Oligosaccharide synthetic strategy using IL support
Here, we describe a simple method for synthesizing a homo-linear α(1→6) oligomannan thioglycoside on an IL support in order to eliminate the excessive use of column chromatographic purification after each glycosylation step. Conventional 1H NMR at 300 MHz in CDCl3, 13C NMR at 75 MHz in CDCl3 and HR-ESIMS spectral techniques were also utilized to characterize the products. Previously, the synthesis of linear α(1→6) oligomannans was reported using trichloroimidates and allyl glycosides, which required tedious and careful column chromatographic separations after each glycosylation step.7
In our approach the IL support is attached to the donor or acceptor glycoside depending on the requirements of the synthetic manipulation. In the present case, a strategy in which p-thiotolyl glycosides acted as acceptors and an IL-tagged fluoride glycoside acted as a donor was utilized for the synthesis of the linear α(1→6) tetramanopyranose thioglycoside 1 (Figure 2). The donor glycosyl fluoride was attached to the IL support via an ester linkage. Whenever needed, the IL support could be easily detached by stirring with aqueous saturated NaHCO3 in a H2O/ether (1:1) biphasic solvent mixture in the presence of phase transfer catalyst.
Figure 2.
p-Thiotolyl α(1→6) mannopyranose tetraasaccharide
The synthesis of the mannose building blocks 3 and 4 for the construction of the target oligomannan is presented in Scheme 1. The known 1,6-di-O-acetyl-2,3,4-tri-O-benzoyl-α-D-mannopyranoside (2) was synthesized in one vessel starting from commercially available D-mannose in an 88% overall yield.8 The glycoside 2 was then treated with p-thiocresol in the presence of BF3.Et2O to produce exclusively the p-thiotolyl glycoside 3. The 300 MHz 1H NMR spectrum of 3 in CDCl3 showed the anomeric proton as a doublet at δ 5.69 ppm (J1,2 = 1.2 Hz) whereas the 75 MHz 13C NMR spectrum showed the anomeric carbon signal at δ 86.16 ppm supporting the α-glycoside.9 It was further converted to the 6-O-acetyl-2,3,4-tri-O-benzoyl-α-D-mannopyranosyl fluoride (4) using DAST and N-bromosuccinimide, in excellent yield. The structure and α-stereochemistry at the anomeric carbon were confirmed by the 300 MHz 1H NMR spectrum in CDCl3, which showed the anomeric proton as doublet of doublets at δ 5.86 ppm (JH-1,F = 48.7 Hz, J1,2 = 1.8 Hz). This was further supported by a signal at δ 104.73 ppm (JC-1,F = 224.0 Hz) in the 13C NMR spectrum of 4 in CDCl3 which was attributable to the anomeric carbon.10
Scheme 1.
Synthesis of p-thiotolyl and fluoride mannose glycosides.

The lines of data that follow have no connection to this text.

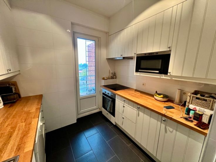 BEZOEKMOMENT DONDERDAG 23/1 TUSSEN 18.00U EN 18.30U ZONDER AFSPRAAK Prachtig gerenoveerd appartement in een aangename residentie met conciërge, 2 kelderbergingen, garagebox en slechts één woongedeelte per verdieping. Het appartement is gelegen op een toplocatie met een uniek zicht van op de 8ste verdieping over het Albertpark. Via de inkom komen we terecht in de ruime hal voorzien van een open zicht over de lichtrijke leefruimte met aansluitend de halfopen keuken. De leefruimte geniet van een enorme oppervlakte met prachtige eet- en zithoekmogelijkheden. De keuken zelf werd vernieuwd en voorzien van de nodige moderne accenten in combinatie met het praktische element van ingebouwde kasten, ingebouwde toestellen, alsook koelkast, keramische kookplaat, vaatwasser, warmeluchtoven, combi-microgolfoven, .... Verder vinden we hier tevens een aparte berging, alsook een binnenterras. Opnieuw in de hal hebben we een open karakter alsook ingebouwde vestiairekasten en een apart gastentoilet. Aansluitend hebben we de 2 slaapkamers, alsook de badkamer met apart ligbad en lavabomeubel. Achteraan het gebouw vinden we nog een zeer aangenaam terras met een uitzicht dat rust uitstraalt. Een opportuniteit vlakbij alle verbindingswegen zowel naar, als uit het centrum. Voor info 0495 57 40 40 of tijl@heistimmo.be
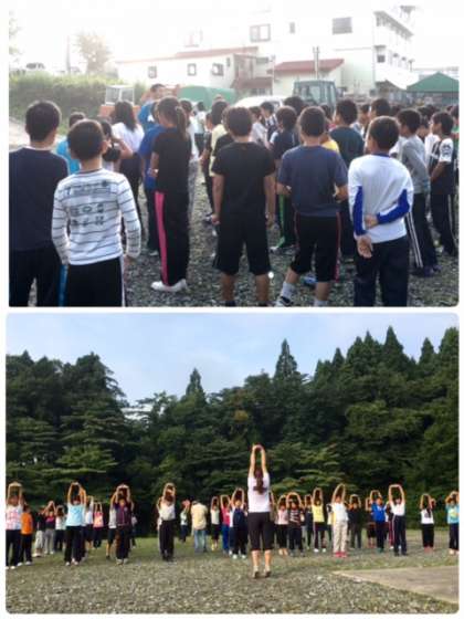 朝の集いです。やっと太陽が顔をみせてくれました。今日もいい1日にします。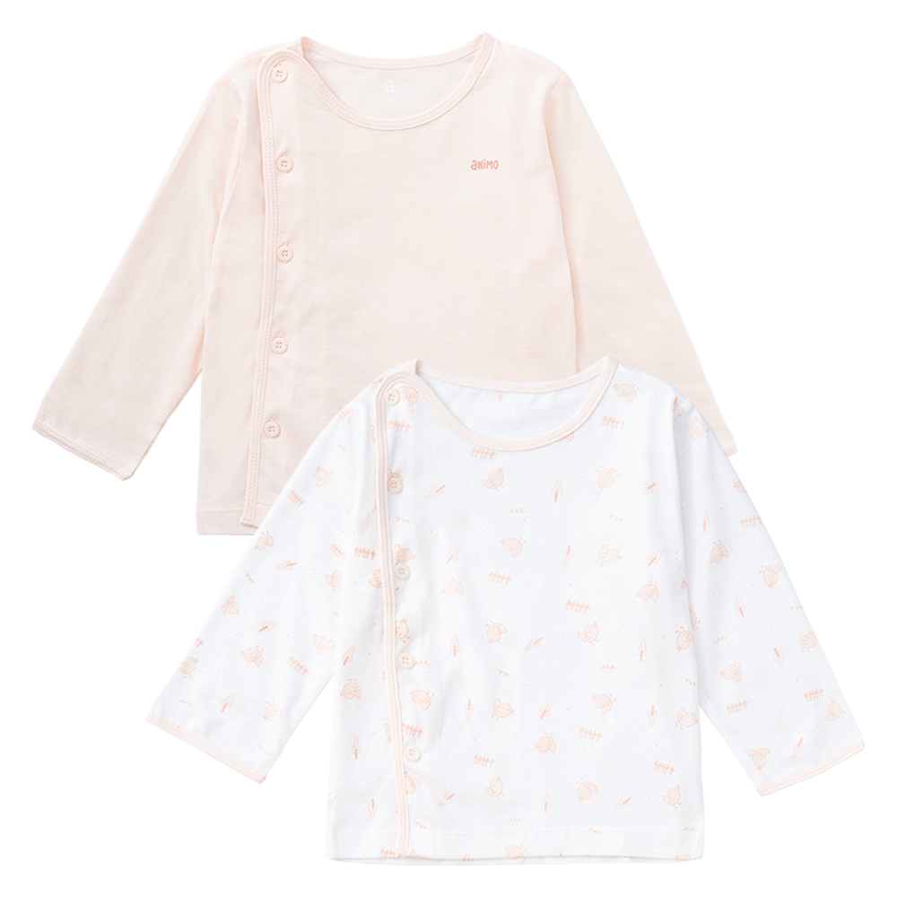 Cặp Áo SS cài chéo tay dài Animo KV223015 (6-9M,Trắng họa tiết-Cam)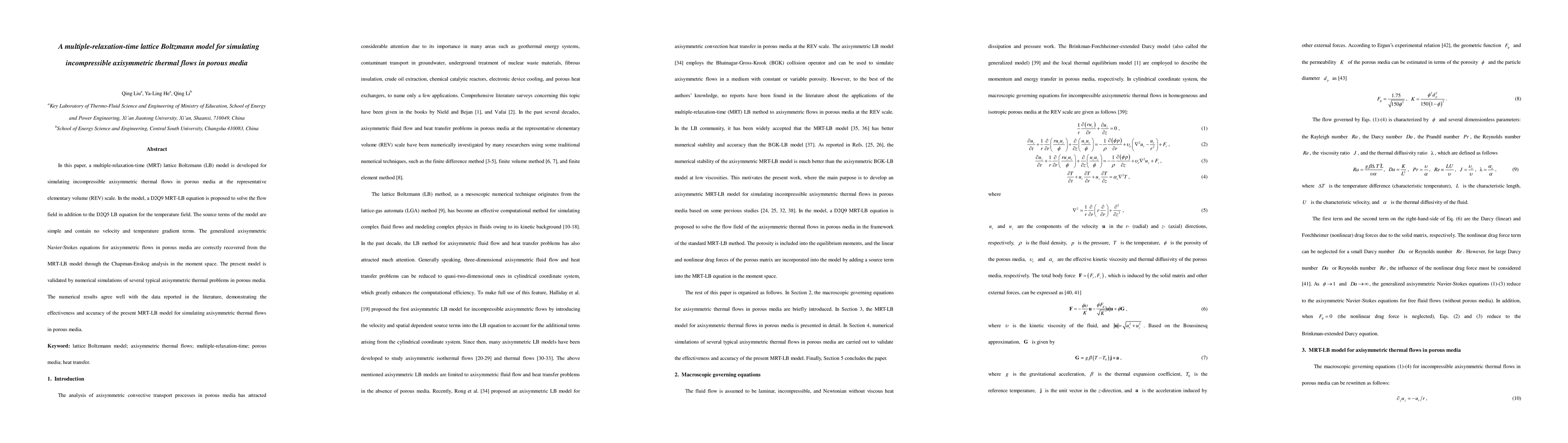 This paper presents a multiple-relaxation-time (MRT) lattice Boltzmann (LB) model for simulating incompressible axisymmetric thermal flows in porous media. The model uses a D2Q9 MRT-LB equation for the flow field and a D2Q5 LB equation for the temperature field, validated through numerical simulations that match existing literature data.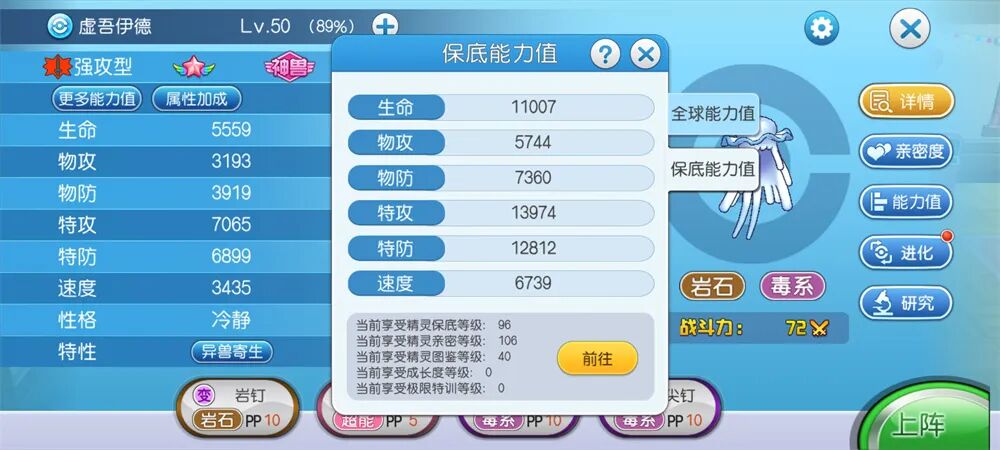 在这关中,主要还是纸剑强化杀后三只,前面三只利用水母等精灵耗死,这里水母培养要高一点,不然扛不住耿鬼的伤害,与此同时咸鱼的作用除了免疫公主的地面系技能外,还可以利用威吓特性减少公主的攻击等级,来保证水母的存活。最后是四只满血,月影和水母半血。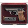 This is an example of a pre-WWII Walther PPK semi-automatic pistol that was subsequently custom engraved and cased. The pistol has been engraved in a floral (Edelweiss) and vine type engraving pattern mixed with a punch dot back ground. The serial number is stamped on the right side of the frame with the last three digits "192" correctly scratched on the inside of the slide. The Walther Banner/slide legend has been framed in a circular border with the noted engraving pattern covering the remaining surfaces of the slide, sides of the frame and front grip strap. The right side of the chamber and slide have the early "Crown N" proofmarks. The metal surfaces have an all blue finish. The slide is fitted with the standard sights and 60 degree safety. It is complete with two Walther Banner marked magazines, one with the flat base plate and the spare with the matching brown finger extension. It has the original early production mottled brown plastic checkered grips with the reinforced metal strap on the back sides. The pistol and spare magazine are all housed in a post-war Walther commercial production presentation case. The inside of the case has the red velvet interior with the blue leather outer cover. Inside the lid of the case it is marked "WALTHER".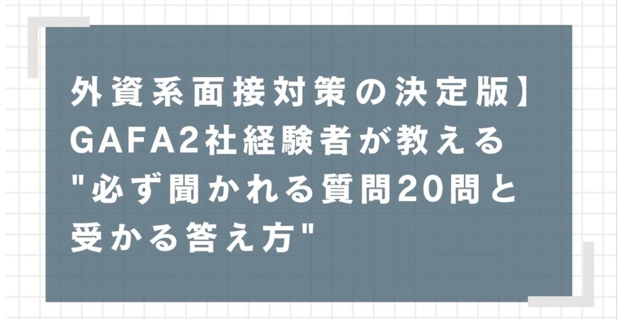 【外資系面接対策の決定版】GAFA2社経験者が教える”必ず聞かれる質問20+受かる答え方”

Following the synthesis of the starting mannose glycosides, a prototypical glycosylation reaction utilizing selective anomeric activation of the thioglycosyl acceptor 5, prepared from thioglycoside 3, and donor glycosyl fluoride 4 was achieved in high yield (Scheme 2). Selective deacetylation of the thioglycoside 3 was achieved by the reaction with an AcCl/MeOH/CH2Cl2 (0.1:20:20 v/v, 12.03 mL/mmol) mixture to produce the acceptor glycoside 5 in 96% yield. The thioglycoside 5 was then coupled with fluoride glycoside 4 in the presence of AgClO4 and SnCl2, yielding the α(1→6) disaccharide 6 in 90% yield after the typical workup and purification by SiO2 column chromatography. The structure of 6 was confirmed by the 300 MHz 1H NMR spectrum in CDCl3 (anomeric protons at δ 5.75 and 5.13 ppm as singlets) and the 75 MHz 13C NMR in CDCl3 (anomeric carbons at δ 98.01 and 86.75 ppm).
Scheme 2.
Prototypical selective glycosylation reaction
The synthesis of p-thiotolyl α(1→6) mannopyranose tetrasaccharide 1 utilizing IL-tagged mannopyranosyl fluoride donor is illustrated in Scheme 3. The reaction sequence started from glycosyl fluoride 4, which was selectively deacetylated by the reaction with an AcCl/MeOH/CH2Cl2 mixture to give the glycosyl fluoride 7. The treatment of 7 with chloroacetyl chloride in dry CH2Cl2 in the presence of dry pyridine resulted in a glycoside 8 with 95% yield. The glycoside 8 was then reacted overnight with N-methylimidazole in dry CH3CN at reflux to obtain the IL-tagged mannopyranosyl fluoride. The chloride anion was exchanged with a hexafluorophosphino anion by the addition of KPF6 to the reaction mixture and heating the total mixture overnight at reflux.11 The reaction was cooled to room temperature and concentrated in vacuo to a solid, which was then suspended in CHCl3 and filtered. The filtrate was concentrated to a solid which was purified by washing with diethyl ether. The resulting solid IL-tagged glycosyl fluoride 9 was dried in vacuo. The 1H NMR spectrum of 9 in CDCl3 showed it to be almost pure; this was further supported by the HR-ESIMS analysis.
Scheme 3.
IL-Supported assembly of homolinear α(1→6) tetramannopyranose
Next, the IL-supported glycosyl donor 9 was treated with acceptor glycoside 5 in the presence of the promoters AgClO4 and SnCl2. It resulted in only 55% yield of the desired disaccharide 10 after workup and purification by washing with diethyl ether. The glycosylation reaction between 5 and 9 was then performed with the coupling reagents Cp2HfCl2 and AgClO4 in dry CH2Cl2. It produced the IL-tagged disaccharide 10 in 88% yield after purification by washing with ether, as described earlier for compound 9. The 300 MHz 1H NMR spectrum of IL-tagged disaccharide 10 in CDCl3 showed the anomeric protons at δ 5.71 ppm and δ 5.10 ppm (J1,2 = 1.4 Hz) as a singlet and a doublet, respectively. In the 75 MHz 13C NMR spectrum of 10, the anomeric carbons were observed at δ 98.17 and 86.82 ppm, supporting the 1,2-trans glycosylation.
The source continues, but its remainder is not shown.